Croatian film producer (1932–2019)

Branko Lustig (10 June 1932 – 14 November 2019) was a Croatian film producer best known for winning Academy Awards for Best Picture for Schindler's List and Gladiator. He is the only person born in the territory of present-day Croatia to have won two Academy Awards.

==Early life==
Lustig was born in Osijek, Kingdom of Yugoslavia to a Croatian Jewish family. His father, Mirko, was head-waiter at an Osijek Café Central, and his mother, Vilma (Gütter), was a housewife. Lustig's grandparents, unlike his parents, were religious and he regularly attended the local synagogue with them.

During World War II, as a child he was imprisoned for two years in Auschwitz and Bergen-Belsen. Most members of his family perished in the death camps throughout Europe, including his grandmother who was killed in the gas chamber, while his father was killed in Čakovec on 15 March 1945. Lustig's mother survived the Holocaust and was reunited with him after the war. On the day of the liberation, he weighed only 66 pounds (29.94 kg). Lustig credited his survival in Auschwitz to a German officer who happened to be from the same suburb of Osijek as Lustig. He overheard Lustig crying and asked him who his father was. It turned out the officer had known Lustig's father.

==Movie career==
Lustig began his film career in 1955 as an assistant director at Jadran Film, a state-owned Zagreb-based film production company. In 1956 he worked as a unit production manager on Branko Bauer's World War II drama Ne okreći se sine, winner of three Golden Arena awards at the 1956 Pula Film Festival. Lustig was the location manager for Fiddler on the Roof (1971). In the 1980s Lustig worked on the miniseries The Winds of War (1983) and its sequel War and Remembrance (1988). He moved to the United States in 1988.

Lustig received his first Oscar in 1993 for the production of Schindler's List, a film based on the novel of Thomas Keneally (which is, in turn, based on the true-life story of a German manufacturer who saved hundreds of Jews during World War II). Lustig himself had a cameo early in the film as a nightclub maitre d’. In July 2015, Lustig presented the Oscar to Yad Vashem for eternal safekeeping. He received his second Oscar for the epic movie Gladiator about a struggle for power in Imperial Rome, in 2001. Other major Hollywood films that Lustig worked on as a producer or executive producer include The Peacemaker (1997), Hannibal (2001), and Black Hawk Down (2001). In 2008, Lustig helped establish an independent production company Six Point Films to produce "meaningful, thought-provoking independent films".

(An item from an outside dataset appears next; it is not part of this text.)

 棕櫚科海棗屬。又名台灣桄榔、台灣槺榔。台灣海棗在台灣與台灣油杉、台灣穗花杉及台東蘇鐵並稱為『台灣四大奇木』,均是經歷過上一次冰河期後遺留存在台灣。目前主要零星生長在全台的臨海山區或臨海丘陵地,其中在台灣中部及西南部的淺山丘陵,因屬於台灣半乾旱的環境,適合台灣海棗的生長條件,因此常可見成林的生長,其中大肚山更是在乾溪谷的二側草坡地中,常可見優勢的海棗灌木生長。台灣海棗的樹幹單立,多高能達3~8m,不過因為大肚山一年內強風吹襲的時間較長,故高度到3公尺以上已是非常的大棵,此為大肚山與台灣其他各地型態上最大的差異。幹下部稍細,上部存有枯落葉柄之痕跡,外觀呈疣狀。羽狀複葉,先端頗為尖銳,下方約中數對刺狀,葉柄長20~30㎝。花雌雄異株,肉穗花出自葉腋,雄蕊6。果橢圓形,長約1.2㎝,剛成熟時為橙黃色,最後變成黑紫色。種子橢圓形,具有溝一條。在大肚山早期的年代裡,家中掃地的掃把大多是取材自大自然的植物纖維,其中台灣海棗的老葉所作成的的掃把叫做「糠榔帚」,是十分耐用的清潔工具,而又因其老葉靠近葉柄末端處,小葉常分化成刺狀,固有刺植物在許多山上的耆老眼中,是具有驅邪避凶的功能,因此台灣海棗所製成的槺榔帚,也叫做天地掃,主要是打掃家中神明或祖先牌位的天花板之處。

==Personal life and death==
In 1994 Lustig received the Order of Duke Trpimir by President Franjo Tuđman for his work in film. In 2008 he became the first filmmaker ever, and second in the field of the arts (preceded by Vladimir Nazor), to be awarded an honorary doctorate from the University of Zagreb.

The Los Angeles Museum of the Holocaust honored Branko Lustig together with Andreas Maislinger at his 2nd Annual Dinner on 8 November 2009 at the Beverly Hills Hotel for his long-time commitment to Holocaust education and commemoration. Lustig was the honorary president and one of the founding members of the Jewish Movie Festival in Zagreb. On 16 September 2010, he was awarded honorary citizenship of Osijek.

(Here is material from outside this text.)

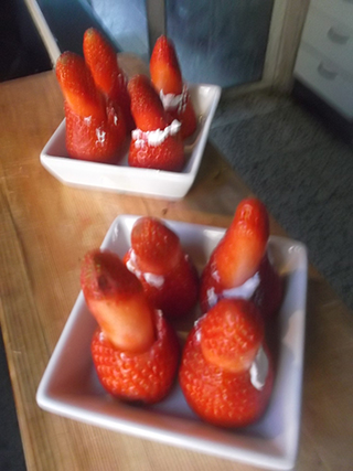 Las tapamos con el corazón de los fresones que hemos extraído.

Lustig celebrated his bar mitzvah on 2 May 2011 at Auschwitz, in front of barrack No. 24a. He missed his rite of passage as a 13-year-old because at the time he was a prisoner in the very same barrack, having been deported from Osijek when he was ten years old. The bar mitzvah ceremony was held during a March of the Living educational tour of Poland and Israel for high school students.

Lustig resided between Los Angeles and Zagreb, and called both of the cities his home, although in the Jutarnji list interview from September, 2012 he stated: "But more and more, slowly, I am returning to Zagreb. I'm coming back." In the 2017 local elections Lustig was elected member of the Zagreb City Assembly as a candidate of Milan Bandić's party list but eventually did not take his seat.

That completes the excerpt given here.